━━ Provided data

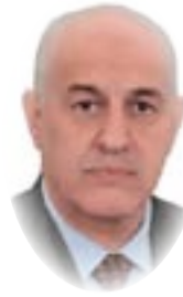
القاضي سالم روضان الموسوي

لأن البعض يرى بان الدستور قد جعل عدد أعضاء مجلس النواب بمقدار نسبة معينة وهي نائب لكل مائة ألف نسمة وعلى وفق ما جاء في المادة (49/أولا) من الدستور التي جاء فيها الآتي (يتكون مجلس النواب من عدد من الأعضاء بنسبة مقعد واحد لكل مائة ألف نسمة من نفوس العراق يمثلون الشعب العراقي بأكمله، يتم انتخابهم بطريق الاقتراع العام السري المباشر، ويراعى تمثيل سائر مكونات الشعب فيه) وللوقوف على هذه النقطة الدستورية أعرض الآتي :
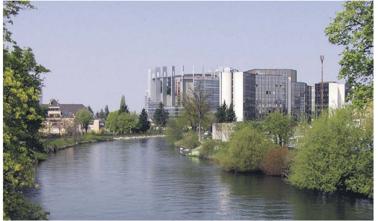
A strasbourgi parlament épülete

Christoph Bergner belügyi államtitkár kinevezésével új korszak kezdődhet a német kisebbségi politikában. Jelenleg ő foglalkozik a határon túl élő német kisebbségek ügyével és

━━━━

- _Goal of the exercise_:
The pictures in the data should be omitted, and every remaining line set down exactly.

- _Result below_:
القاضي سالم روضان الموسوي

لأن البعض يرى بان الدستور قد جعل عدد أعضاء مجلس النواب بمقدار نسبة معينة وهي نائب لكل مائة ألف نسمة وعلى وفق ما جاء في المادة (49/أولا) من الدستور التي جاء فيها الآتي (يتكون مجلس النواب من عدد من الأعضاء بنسبة مقعد واحد لكل مائة ألف نسمة من نفوس العراق يمثلون الشعب العراقي بأكمله، يتم انتخابهم بطريق الاقتراع العام السري المباشر، ويراعى تمثيل سائر مكونات الشعب فيه) وللوقوف على هذه النقطة الدستورية أعرض الآتي :
A strasbourgi parlament épülete

Christoph Bergner belügyi államtitkár kinevezésével új korszak kezdődhet a német kisebbségi politikában. Jelenleg ő foglalkozik a határon túl élő német kisebbségek ügyével és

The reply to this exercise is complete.